Este miércoles la Administración de Alimentos y Medicamentos de los EE. UU. (FDA) emitió una autorización de uso de emergencia (EUA) de la primera prueba de diagnóstico de COVID-19 para autodiagnosticarse en el hogar y que proporciona resultados rápidos. El kit de prueba “todo en uno” Lucira COVID-19 es una prueba molecular (reacción de amplificación mediada por ciclo en tiempo real) de un sólo uso que está destinada a detectar el nuevo coronavirus SARS-CoV-2 que causa el COVID-19.

“La FDA continúa demostrando una velocidad sin precedentes en su respuesta a la pandemia. Si bien hay pruebas de diagnóstico de COVID-19 que han sido autorizadas para la recolección de muestras en el hogar, esta es la primera prueba que se puede hacer por completo y proporcionar resultados en el hogar. Esta nueva opción de prueba es un avance de diagnóstico importante para abordar la pandemia y reducir la carga pública de la transmisión de enfermedades”, dijo el comisionado de la FDA, el Dr. Stephen M. Hahn, M.D. “La acción de hoy subraya el compromiso continuo de la FDA de ampliar el acceso a pruebas de COVID-19 “.

El kit de prueba “todo en uno” Lucira COVID-19 ha sido autorizada para uso en el hogar con una muestra que puede recolectar el usuario con hisopos nasales destinado para personas mayores de 14 años que su proveedor de atención médica sospeche tengan el COVID-19. También está autorizado para su uso en las instalaciones de los sitios de atención (por ejemplo, consultorios médicos, hospitales, clínicas de atención de urgencia y salas de emergencia) para todas las edades, pero un proveedor de atención médica debe recolectar las muestras cuando la prueba se usa en el sitio de atención para evaluar a personas menores de 14 años. Actualmente, la prueba está autorizada sólo para su uso con receta médica.

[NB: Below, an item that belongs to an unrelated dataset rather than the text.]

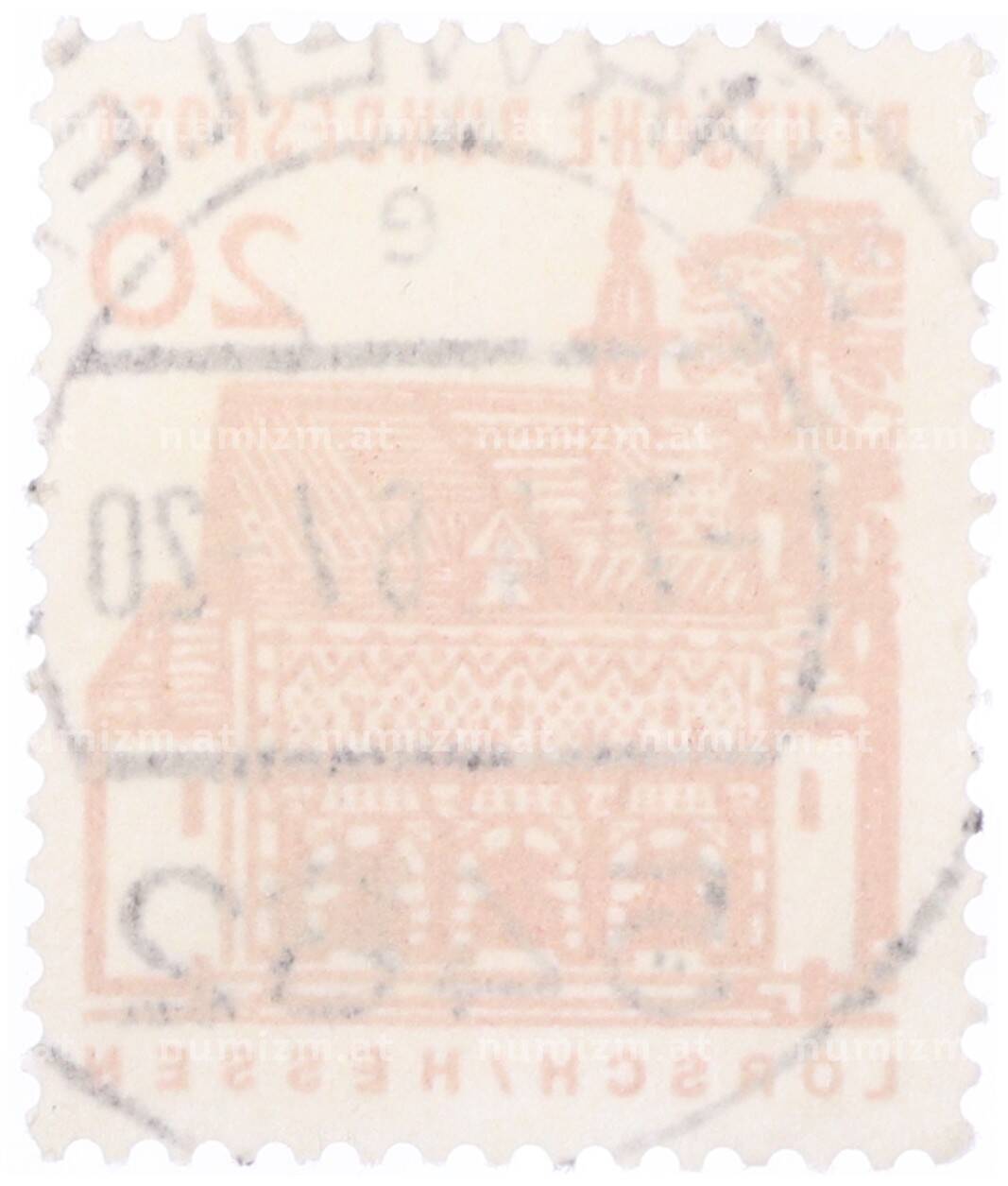 Интернет магазин «Нумизмат» предлагает приобрести Почтовая марка 20 пфеннигов 1965 года Западная Германия (ФРГ) «Немецкие постройки XII века — Ворота Лоршского монастыря в Гессене».

La prueba funciona haciendo girar el hisopo con la muestra recolectada por uno mismo dentro de un vial que luego se coloca en la unidad de prueba. En 30 minutos o menos, los resultados se pueden leer directamente desde la pantalla iluminada de la unidad de prueba que muestra si una persona es positiva o negativa al virus SARS-CoV-2. Los resultados positivos indican la presencia de SARS-CoV-2. Las personas con resultados positivos deben aislarse y buscar atención adicional de su proveedor de atención médica. Las personas que resulten negativas a la prueba y experimenten síntomas similares a los del COVID-19, deben consultar con su proveedor de atención médica, ya que los resultados negativos no descartan que una persona tenga la infección de SARS-CoV-2.

“La autorización de hoy para una prueba completa en el hogar es un paso significativo en la respuesta nacional de la FDA al COVID-19. Una prueba que se puede administrar completamente fuera de un laboratorio o entorno de atención médica siempre ha sido una de las principales prioridades de la FDA para abordar la pandemia. Ahora, más estadounidenses que puedan tener el COVID-19 podrán tomar medidas de inmediato, basándose en sus resultados, para protegerse a sí mismos y a quienes los rodean”, dijo el Dr. Jeff Shuren, M.D., J.D., director del Centro de Dispositivos y Salud Radiológica de la FDA. “Esperamos trabajar de forma proactiva con los desarrolladores de pruebas para respaldar la disponibilidad de más opciones de pruebas en el hogar”.

Un componente importante para el éxito de las pruebas en el hogar es la capacidad de rastrear y monitorear los resultados de manera eficiente. Como se indica en esta autorización EUA, los proveedores de atención médica que prescriben deben reportar todos los resultados de las pruebas que reciben de las personas que utilizan la prueba a las autoridades de salud pública pertinentes de acuerdo con los requisitos locales, estatales y federales. Lucira Health, el fabricante de la prueba también ha desarrollado etiquetas para las cajas, instrucciones de referencia rápida e instrucciones para el proveedor de atención médica para ayudar con los reportes.

Las pruebas de diagnóstico siguen siendo uno de los pilares a la respuesta de nuestra nación al COVID-19. La FDA continúa su compromiso con la salud pública y para buscar nuevos acciones que ayuden a que pruebas críticas estén disponibles para más estadounidenses a través de sus poderes de autorización de emergencia.

La FDA, una dependencia del Departamento de Salud y Servicios Sociales de los Estados Unidos, protege la salud pública asegurando la protección, eficacia y seguridad de los medicamentos tanto veterinarios como para los seres humanos, las vacunas y otros productos biológicos destinados al uso en seres humanos, así como de los dispositivos médicos. La dependencia también es responsable de la protección y seguridad de nuestro suministro nacional de alimentos, los cosméticos, los suplementos dietéticos, los productos que emiten radiación electrónica, así como de la regulación de los productos de tabaco.